# integrals involving Dirac distributions and restriction of domain of integration

Consider an integral of the type

$$\int_{\mathbb{R}^2} \mathrm{d}x\mathrm{dy}\delta(x^2+y^2-a)$$

Where $a\in\mathbb{R}_+$. My first approach would be to make a substitution $x^2= s$, so the integral becomes

$$\int_{\mathbb{R}^2} \mathrm{d}s\mathrm{d}y\delta(s+y^2-a)\frac{1}{2\sqrt{s}}$$

So I would instinctively write

$$\int_{\mathbb{R}}\mathrm{d}y\frac{1}{2\sqrt{a-y^2}}$$

but this is obviously wrong as the integrand is real only for $y\in[-\sqrt{a},\sqrt{a}]$

So then I would write

$$\int_{-\sqrt{a}}^\sqrt{a}\mathrm{d}y\frac{1}{2\sqrt{a-y^2}}$$

But this seems somewhat ad hoc and unjustified. How can I make sense of this? Please forgive the lack of rigor in treating $\delta$, this question arises from a physics problem, but it seemed more suitable here than in physics SE.

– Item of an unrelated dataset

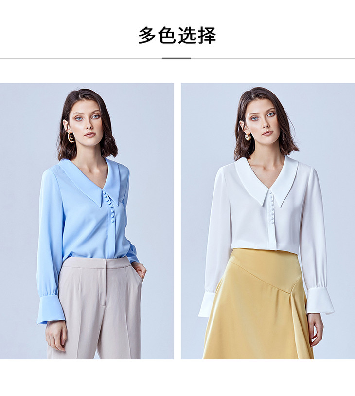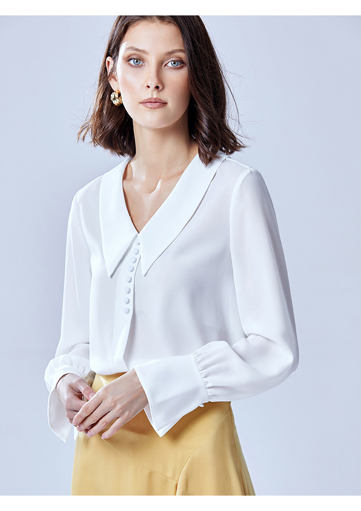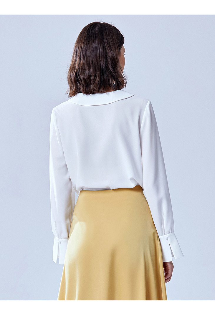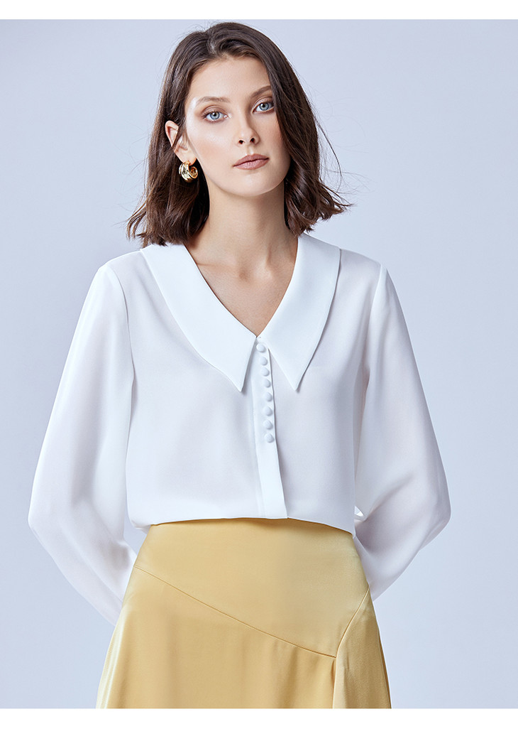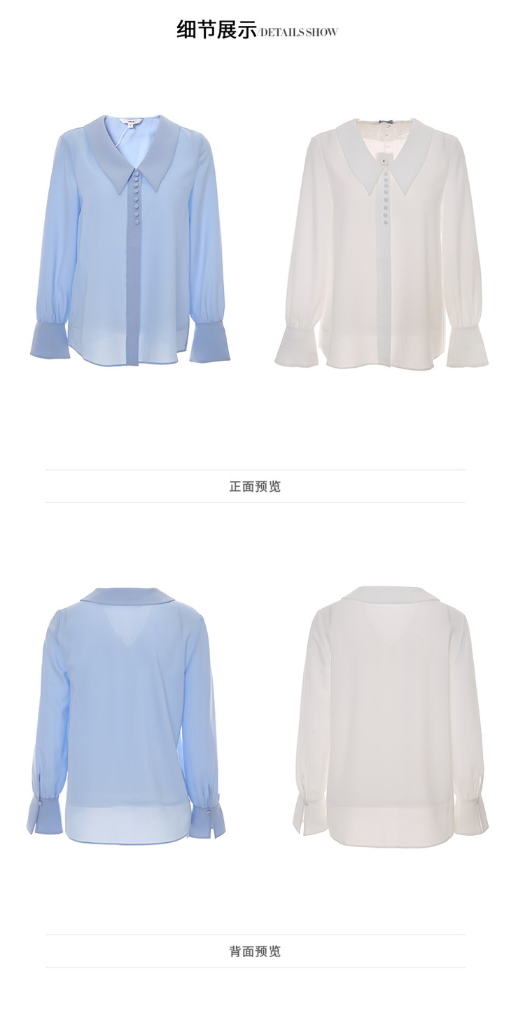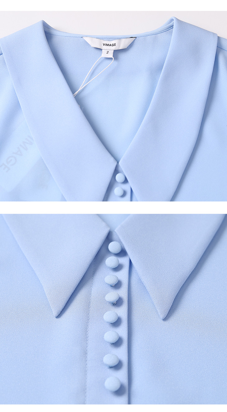VIMAGE纬漫纪夏款轻薄舒适法式翻领喇叭袖雪纺衬衫女上衣V1309927

First of all, I would use polar coordinates for this type of problem: $$\int_{\mathbb{R}^2} \mathrm{d}x\mathrm{dy}\delta(x^2+y^2-a)=2\pi\int_0^\infty dr\ r\delta(r^2-a)=2\pi\int_0^\infty dr\ r\frac{\delta(r-\sqrt{a})}{2\sqrt{a}}=\pi\ ,$$ result valid for any $a>0$. You cannot make the substitution $x^2=s$, as the $x$-limits of integration are $-\infty$ and $+\infty$ which are both mapped to $+\infty$ upon this substitution. You wouldn't use the substitution $x^2=t$ to evaluate the single integral $$\int_\mathbb{R}dx\frac{1}{x^2+a^2}\ ,$$ would you? At least, not before splitting the integral as $\int_\mathbb{R}=\int_0^\infty+\int_{-\infty}^0$...